The Case For Republicans In Georgia vs. The Case For Democrats
ILLUSTRATION BY FIVETHIRTYEIGHT
The two Senate runoffs in Georgia are tighter than a 35-minute connection at Atlanta’s Hartsfield-Jackson International Airport. According to FiveThirtyEight’s polling averages as of 6 p.m. Eastern on Jan.
3, Democrat Jon Ossoff leads Republican Sen. David Perdue 49.2 percent to 47.4 percent in the regular Senate election, while Democrat Raphael Warnock leads Republican Sen. Kelly Loeffler 49.5 percent to 47.
2 percent in the special Senate election.
[Latest Polls Of The Georgia Senate Runoff Elections]
And the two races have consistently been about that close since the first round of voting on Nov. 3. So at this point, we don’t really need more polls to tell us what we already know: These races could go either way.
In fact, between the polls, the fundraising numbers, the early-voting data and the November results, both parties can find reasons to be optimistic heading into election day tomorrow. So we thought we’d lay out the case for each side, high-school-debate style.
Nathaniel will outline all the reasons why Democrats are favored, and then Geoffrey will make the case for why Republicans will come out on top. Then, you be the judge as to which argument is more persuasive — let us know in the comments or on .
(And don’t forget to tune into our live blog on Tuesday night as well.)
Nathaniel: The case for Democrats
As mentioned, Ossoff and Warnock each lead in our polling average by about 2 percentage points. To be sure, those numbers still point to an election that could go either way, but if you had to choose a favorite them, you’d have to pick the Democrats.
I know polling had an off year in 2020, but the reality is that polls are still our best tool for forecasting elections, and it’s really hard, if not impossible, to predict which direction any polling error will run.
Plus, while it’s true that polling of the 2020 election overall wasn’t very accurate, polls of Georgia were actually pretty good: FiveThirtyEight’s final polling average of the presidential race in the Peach State was just 1 point off the final margin.
It’s not just the polling, though: The fundraising numbers look even better for Democrats. From Oct. 15 to Dec. 16, Ossoff raised $106.8 million and Warnock raised $103.4 million.
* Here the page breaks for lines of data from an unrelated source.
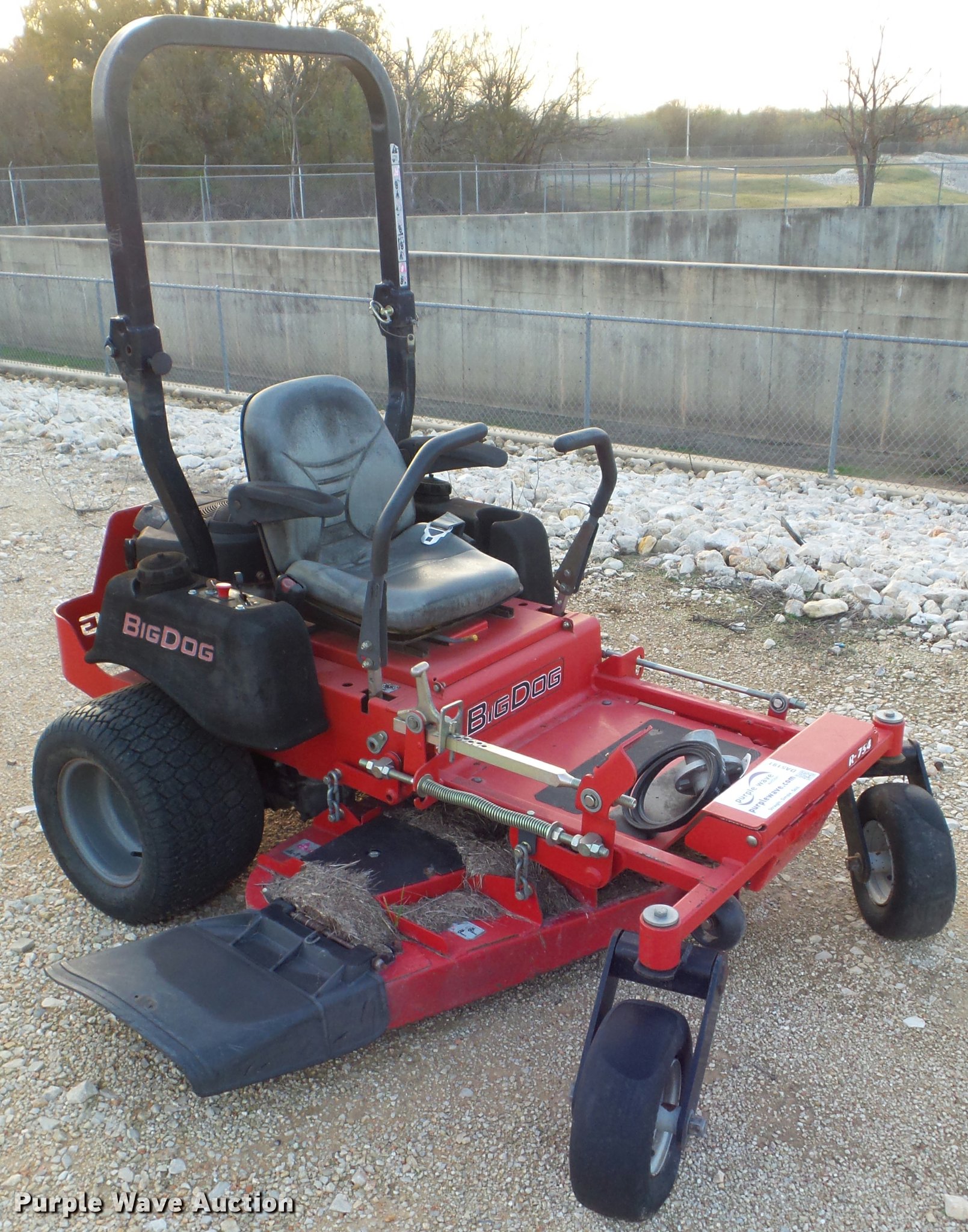 Purple Wave is selling a used Lawn Mower in Texas. This item is a 2010 Big Dog R series lawn mower with the following: 52" cut, Briggs & Stratton two cylinder gas engine, Hydrostatic transmission, Roll bar, 13x5.00-6 front tires, 20x12.00-10 drive tires, Unknown operating condition, Serial 10030424, Unit# 52541
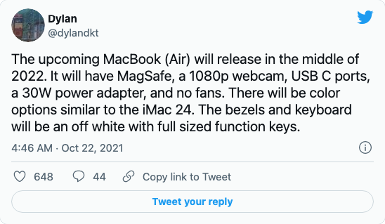애플의 계획에 대한 정보를 정확히 맞춘 실적이 있는 유출가 Dylandkt의 트윗에 따르면 MacBook Air 2022는 새로운 MacBook Pro에 추가된 기능 몇 가지가 적용될 것으로 보입니다.
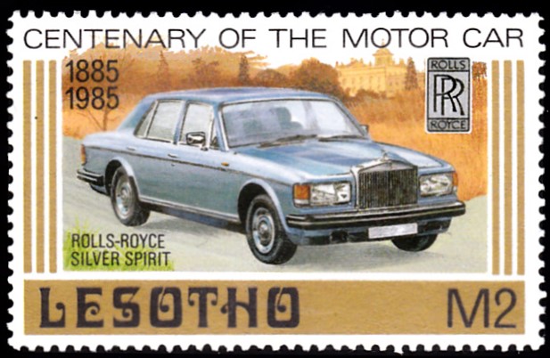Aus Lesotho kommt diese Marke (MiNr 523) mit einem Rolls-Royce Silver Spirit.
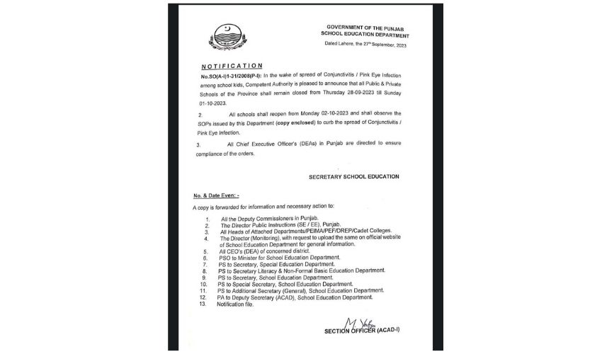In a bid to curb the spread of pink eye infection, all government and private schools in Punjab have been ordered to remain closed for four days.

Not only is that more than Perdue’s $68.1 million and Loeffler’s $64.0 million, but it’s also more than any Senate candidate had ever raised in a single quarter before (and Oct. 15-Dec.
16 is only two months, not three!).
[Related: Where Are Georgia’s Senate Candidates Getting All That Cash From?]
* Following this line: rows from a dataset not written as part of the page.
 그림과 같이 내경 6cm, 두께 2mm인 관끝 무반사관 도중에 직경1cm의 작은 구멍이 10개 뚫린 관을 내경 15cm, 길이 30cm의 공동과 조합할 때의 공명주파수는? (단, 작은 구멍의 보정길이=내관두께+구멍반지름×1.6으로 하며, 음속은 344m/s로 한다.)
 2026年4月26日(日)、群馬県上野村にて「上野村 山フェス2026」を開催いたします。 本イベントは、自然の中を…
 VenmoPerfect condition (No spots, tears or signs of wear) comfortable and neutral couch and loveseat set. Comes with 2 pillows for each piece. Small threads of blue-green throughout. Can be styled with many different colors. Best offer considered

True, when you factor in spending by outside groups, the money race is closer. Pro-Republican outside groups have spent $180.5 million on TV ads since Nov. 10, while pro-Democratic outside groups have spent just $63.1 million.
However, outside groups pay full freight for TV airtime, whereas TV stations are required to charge candidates their lowest rates. So even though pro-Republican forces (i.e.
, the campaigns and outside groups combined) have spent more on TV advertising than pro-Democratic forces, the Democratic side is actually airing more ads because they are getting better bang for their buck.
Early-voting data is also encouraging for Democrats, as it shows solid turnout among the Democratic base in Georgia: Black voters. According to www.georgiavotes.com, an unofficial vote-tracking website that uses publicly available data from the secretary of state, 31 percent of voters so far are Black.
That’s significant because that’s a much higher share than at this point in the general election (when the Black share of the electorate reached its lowest point since 2006, hurting Democrats in November but giving them ample room to grow in the runoff).
Now, that’s no guarantee that Black turnout will stay that high when all is said and done, but so far it looks Democrats are doing what they need to do in order to improve upon their November performance and win the runoffs.
Indeed, Georgia has changed; it’s not the stubbornly red state it once was. In November, Joe Biden became the first Democratic presidential candidate to carry Georgia since 1992. And while Republicans ran a hair ahead of Democrats in both Senate races in the general, that low Black voter turnout suggests Democrats underachieved their true potential.
Plus, our estimates suggest that, had the special election been a head-to-head matchup between Warnock and Loeffler, Warnock might have won.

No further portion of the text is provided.